F1 tomorrow, an engineer’s view


Recent weeks have seen significant amounts of discussion on the future technical direction Formula 1 should take. The main topics have been three-fold: maintaining the current levels of safety, and cutting speeds through modifications to both the chassis and engines. These on-going discussions, against the current backdrop of cost-cutting and improving the show, have seen many different solutions proposed.

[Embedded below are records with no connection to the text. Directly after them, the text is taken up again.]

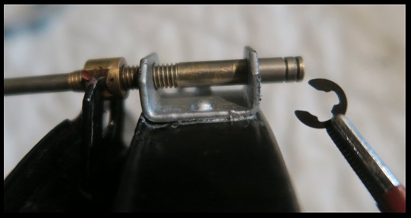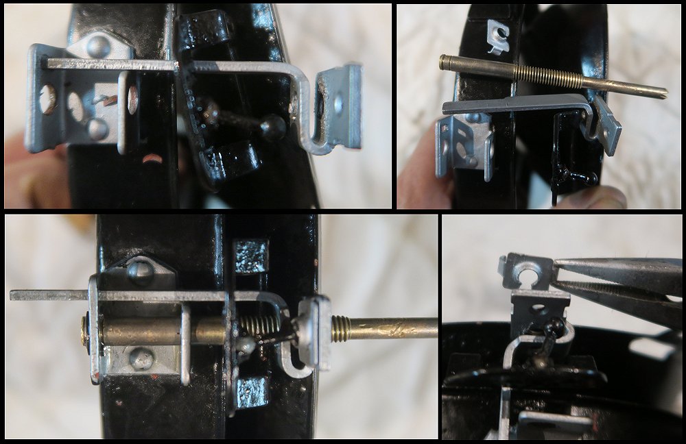 amener la biellette terminée par 2 sphères (un côté reste fixé sur le flasque) dans la fraisure.
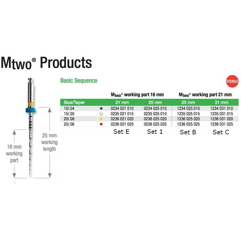 Cada set de limas MTWO Secuencia Básica contienen el siguiente surtido de tamaños y conicidades: 10/.04 - 15/.05 - 20/.06 - 25/.06
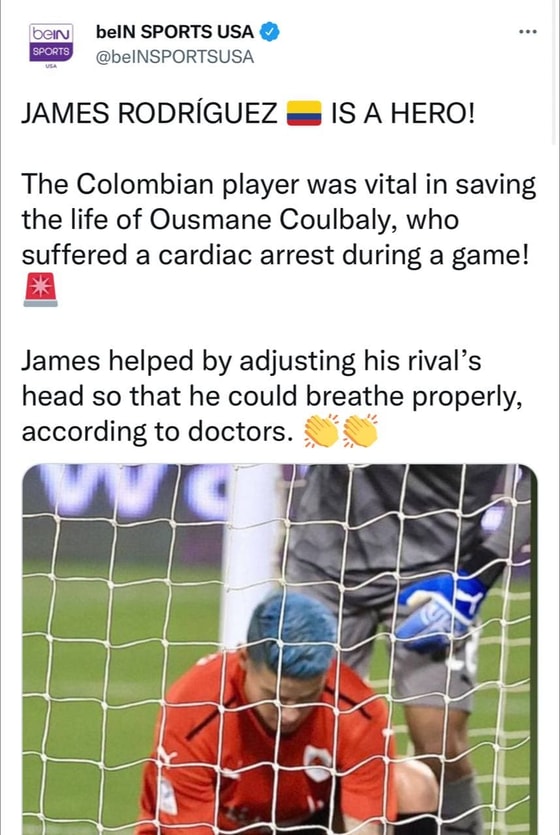 Как сообщает beIN Sports в Twitter, важную роль в спасении жизни Кулибали сыграл хавбек хозяев Хамес Родригес, известный по играм за «Реал» и «Эвертон». Полузащитник правильно расположил голову пострадавшего на газоне, что позволило ему нормально дышать.
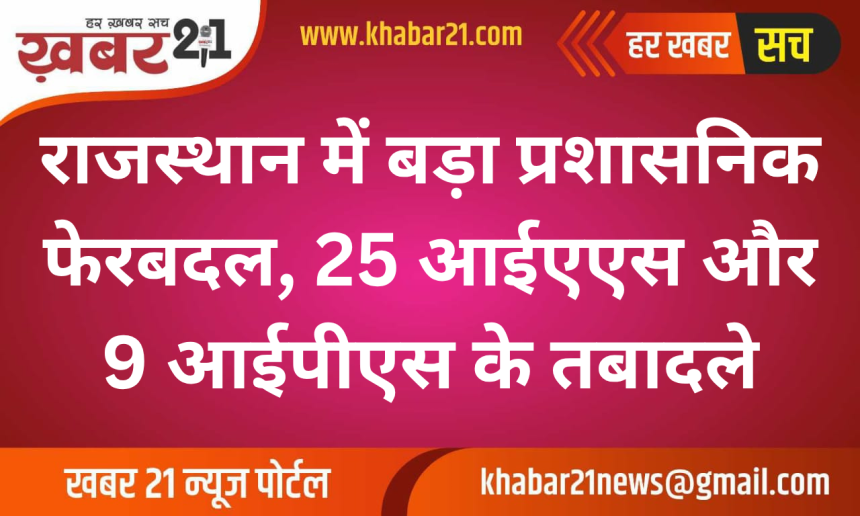 बीकानेर। राजस्थान सरकार ने प्रशासनिक व्यवस्था में बदलाव करते हुए बड़ा फेरबदल किया है। गुरुवार को जारी आदेश के तहत 25 आईएएस और 9 आईपीएस अधिकारियों के तबादले किए गए हैं। इससे पहले भी हाल ही में पुलिस विभाग में कई तबादले किए गए थे, जिसके बाद अब यह नई सूची जारी की गई है।
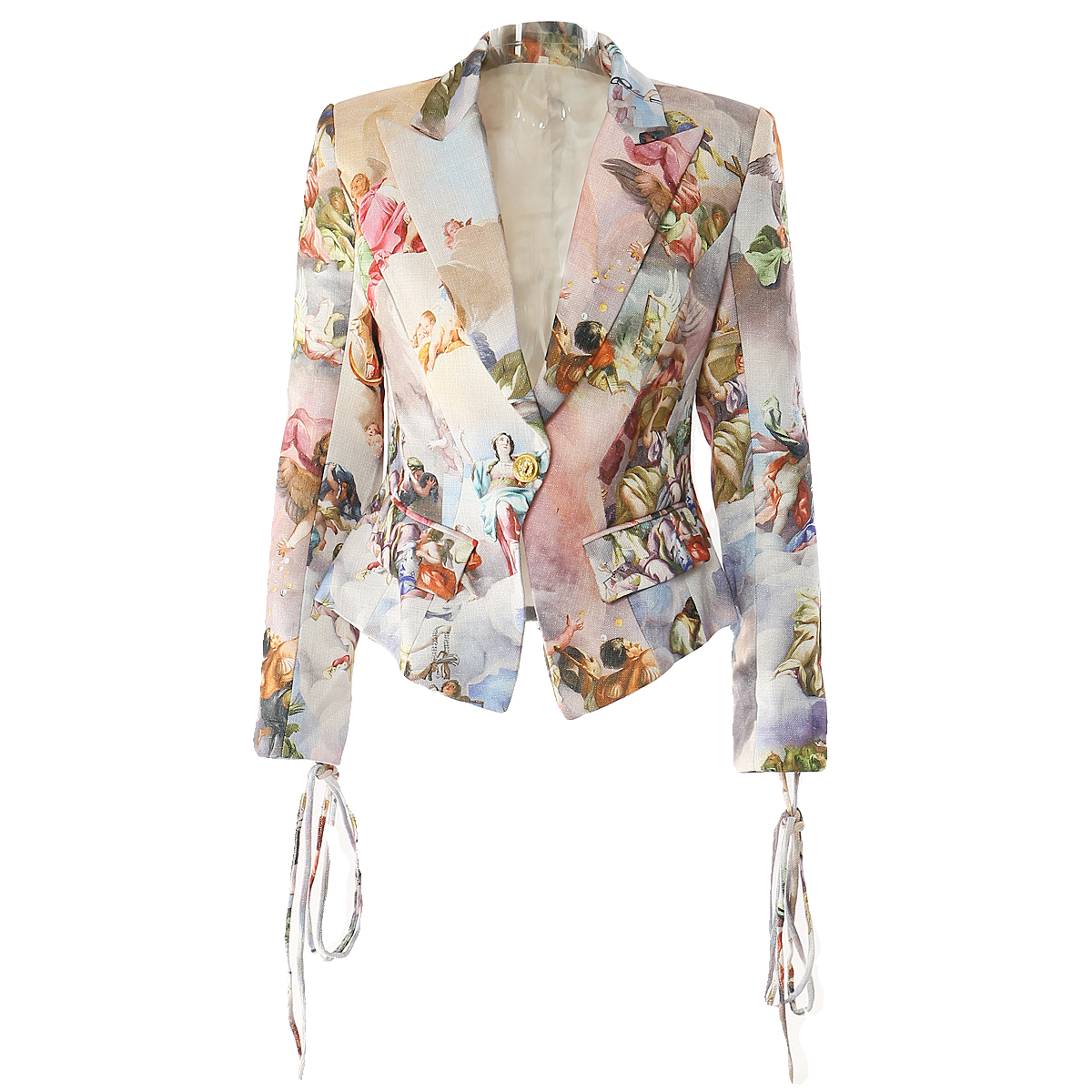 EAM STUDIO西方艺术印花设计感小西装外套女2024新款收腰气质西服
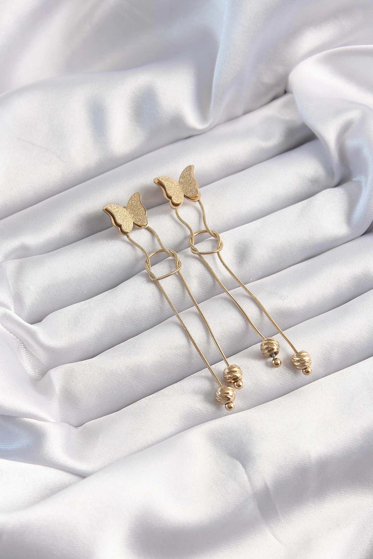 Mey İthalat® 316L Çelik Altın Renk Sallantılı Düğüm Model Kelebek Küpe
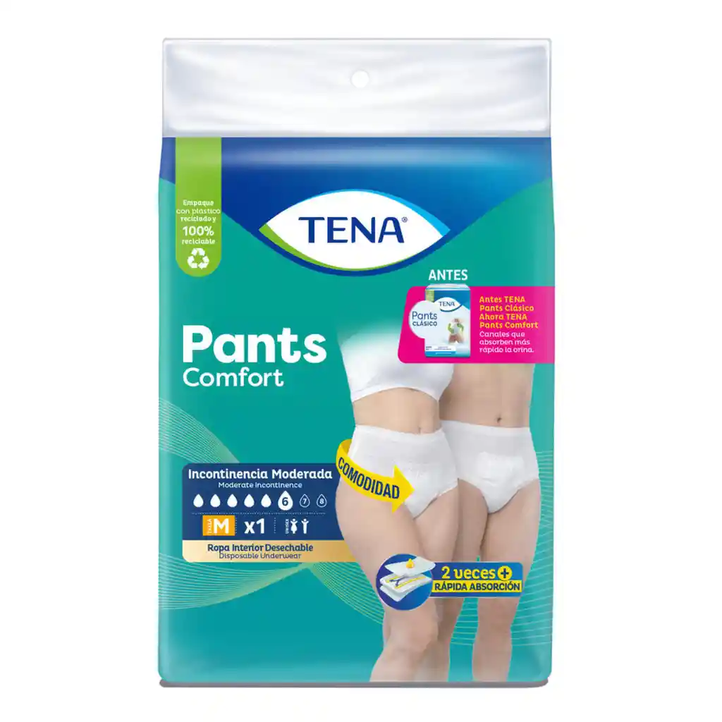 ropa interior absorbente para incontinencia moderada, con un diseño que se usa como una prenda normal, para una piel más seca y segura gracias a su zona de absorción con tecnología TENASORB que gelatiniza líquidos y neutraliza olores.
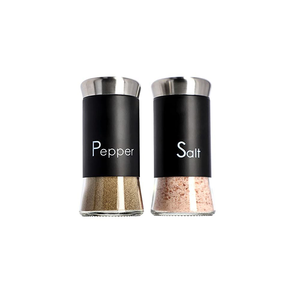 HOME EC Original Glass Salt and Pepper Shakers Set with Adjustable Pour Holes - Stainless Steel Salt Shaker and Pepper Shaker - Farmhouse Salt and Pep
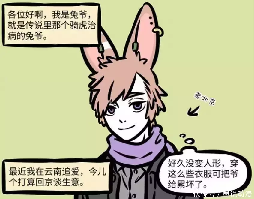 兔爷是《有兽焉》漫画中的重要角色,也是《非人哉》中的客串角色。兔爷在这里有人形态,而且比较帅气。兔爷是小玉的前男友,也是那个骑虎治病的兔爷。兔爷出现,那回头率还是很高。在回到北京之后,还遇到了小玉。
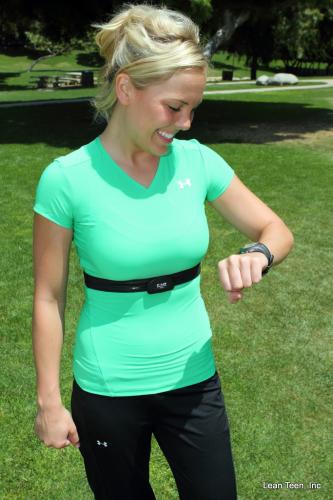 Director Lauren checking her heart rate monitor. This lets her check to see that she is challenging her heart during exercise.
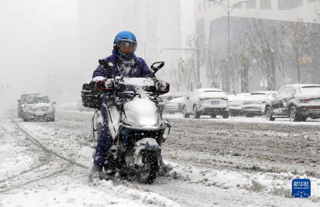 11月6日,在沈陽(yáng)市渾南區,一位外賣(mài)員在雪中送外賣(mài)。
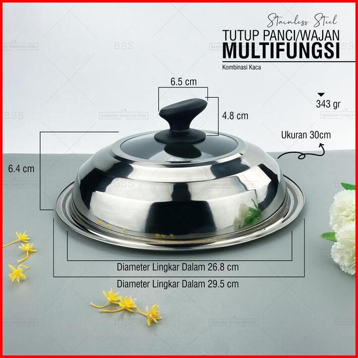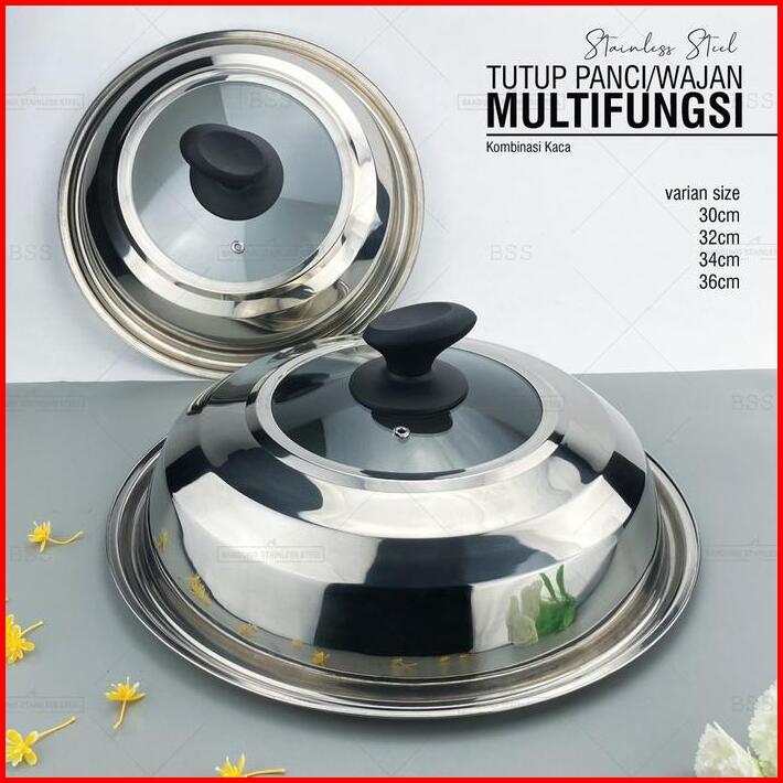 Tutup Panci Stainless Wajan Kuali Multifungsi 30cm 32cm 34cm 36cm Elegan Kombinasi Kaca
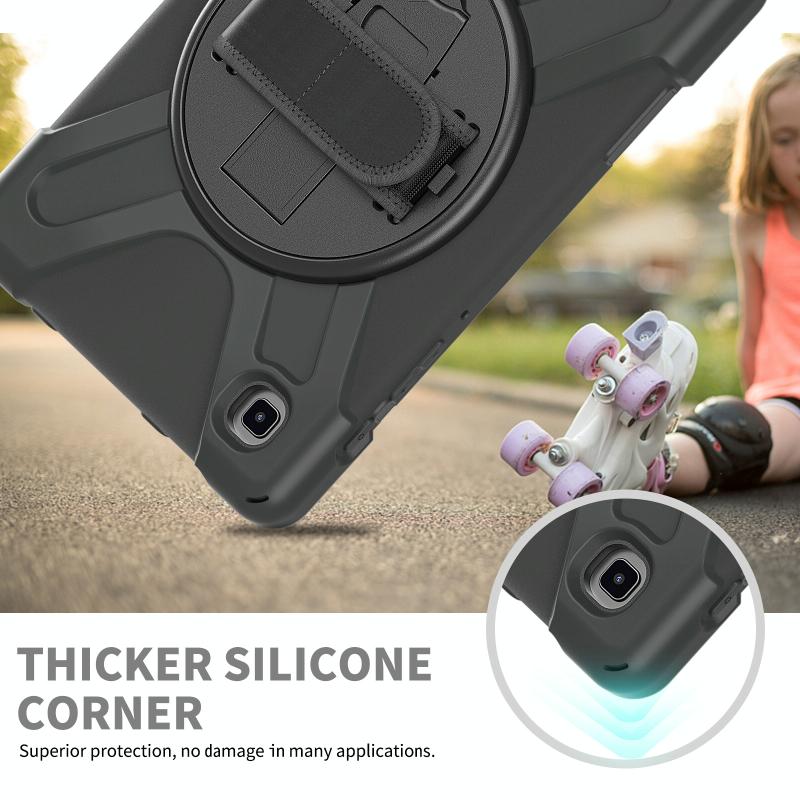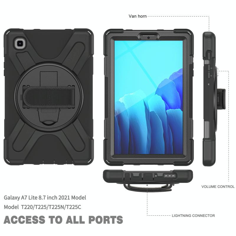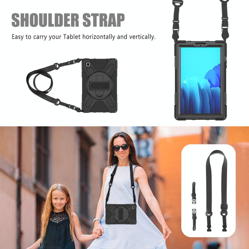 For Samsung Galaxy Tab A7 Lite T220 / T225 Silicone + PC Protective Case with Holder & Shoulder Strap(Black)

The Renault F1 Team’s senior technical personnel have stated clear positions on these issues. Here is a summary of the team’s views on the on-going discussions:

On the need for safety changes

Pat Symonds, Executive Director of Engineering
“We have not actually agreed that the cars are too fast at the moment; what we have agreed is that if we don’t do something they will become too fast. We have been talking about this for a long while, probably 18 months or so, and it was very fundamental in our thinking that we needed to reduce engine power. We could no longer just work on the chassis, just work on the tyres and we have got to a state now, prompted by the FIA, where they said actually it’s going to take a little while to do the engines but we must do other things. Now I think we are going to come to a satisfactory conclusion on that… (However), there is a real drive now to reduce the cost of Formula One, and I suppose you can look at it the other way, to increase the income which may make the spectacle better. And what we need to be careful of is that we don’t rush in one direction and ignore the other two. The three can co-exist quite happily but they need a lot of thinking through. We don’t want knee-jerk reactions.” (FIA Conference, 9 July)

On improving the show

Pat Symonds, Executive Director of Engineering

“We need to consider this as one of the elements that I was talking about of improving the spectacle. The trouble is, firstly it is not easy to say what will improve the spectacle. I think it is true that overtaking is important but is overtaking everything? … We are starting to see a big increase in television spectators for the World Rally Championship and there, there is no overtaking by definition. What we are seeing is guys really taking the car to the limit in a way that is very obvious and that is not something you see in Formula One. If you watch a WRC car you think ‘yeah, that guy is good, I don’t think I could do that’. Unfortunately Formula One cars are so sophisticated that when you watch them you actually believe you could do it, so we need to look at lots of things. Overtaking is an important aspect but it is also a very difficult aspect to understand. It is too difficult in Formula One at the moment. A number of studies have been done on aspects of overtaking and those are being studied again at the moment and I hope that they are part of a total package that does bring in the new Formula One, if you like. “(FIA Conference, 9 July)

On cost-cutting

Bob Bell, Technical Director

“Formula 1 is conscious of the imperative to reduce costs, but also to make the show possible on a smaller budget. However, it is to the advantage of the teams with the biggest budgets for these changes (to the 2005 technical regulations) to be made as late as possible in order to minimise their rivals’ capacity to respond effectively; in a period where cost reduction is a key issue, it would make little sense for development work and investment thus far to be compromised by unnecessarily late changes to the regulations. What we have discussed is still feasible now, but we are approaching the deadline by which proposals must become concrete reality.” (9 July)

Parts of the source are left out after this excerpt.